I can't see how you can say MMA is not an art.

I am the first to respond when someone calls it the be all end all especially if they equate it with street combat but it can surely be called an art.

ANy time you do something that expresses yourself, that is art, you might not like someone's art but it is stiull an art.

 It might not be as codifeid as WTF TKD, but so what? I think the fact that it veries so much from Gym to gym makes even more of an art, as there is more individualism to it than many arts.


----------



## Tez3 (Aug 13, 2009)

Gaius Julius Caesar said:


> *I can't see how you can say MMA is not an art.*
> 
> *I am the first to respond when someone calls it the be all end all especially if they equate it with street combat but it can surely be called an art.*
> 
> ...


 
Absolutely! Good post this!

I don't understand how Firex can say BJJ is being discredited because of MMA, if anything it's made it more popular and I've heard arguments saying that BJJ is the best thing out since sliced bread! I've never heard anyone discredit or talk BJJ (or judo for that matter) down, everyone says it's an essential part of MMA. Whether it is or not is open to argument but the feeling around is thats its a good thing to have. 
You will always have idiots saying one style is better than another, it's not any styles fault, it's just human nature sometimes.


----------



## Steve (Aug 13, 2009)

Tez3 said:


> Absolutely! Good post this!
> 
> I don't understand how Firex can say BJJ is being discredited because of MMA, if anything it's made it more popular and I've heard arguments saying that BJJ is the best thing out since sliced bread! I've never heard anyone discredit or talk BJJ (or judo for that matter) down, everyone says it's an essential part of MMA. Whether it is or not is open to argument but the feeling around is thats its a good thing to have.
> You will always have idiots saying one style is better than another, it's not any styles fault, it's just human nature sometimes.

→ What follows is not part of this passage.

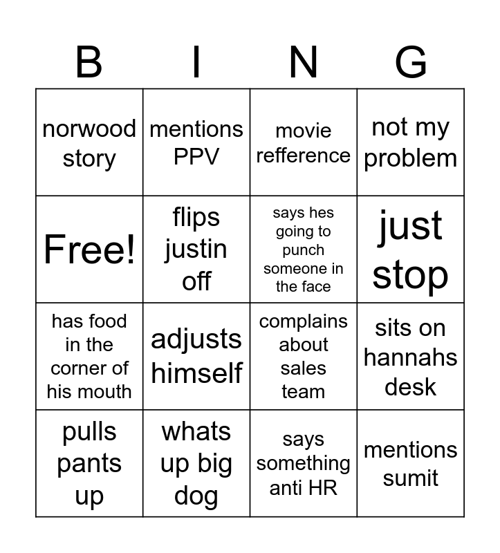 This bingo card has 16 words: whats up big dog, sits on hannahs desk, movie refference, norwood story, has food in the corner of his mouth, mentions PPV, complains about sales team, says something anti HR, Free!, flips justin off, pulls pants up, not my problem, adjusts himself, just stop, says hes going to punch someone in the face and mentions sumit.

It's because he's a troll and not a very good one. 

There are some great BJJ schools in Austin. Which one do you train at, firerex?  I know some guys down in Austin and I'd love to hear if they have the same impressions as you do.


----------



## Tez3 (Aug 13, 2009)

stevebjj said:


> It's because he's a troll and not a very good one.
> 
> There are some great BJJ schools in Austin. Which one do you train at, firerex? I know some guys down in Austin and I'd love to hear if they have the same impressions as you do.


 
Well he can't dislike MMA that much as it says on his profile under systems studied/interested in "_BJJ / *MMA* / Grappling / Wrestling, Tae Kwon Do_"


----------



## Nolerama (Aug 13, 2009)

I think the OP is confused over the idea that MMA people specifically want BJJ.

That's not always the case.

The folks visiting his school looking for MMA are probably looking for striking, ground, and conditioning instruction, with a focus on competitive athleticism; which is what I'd look for in a MMA gym.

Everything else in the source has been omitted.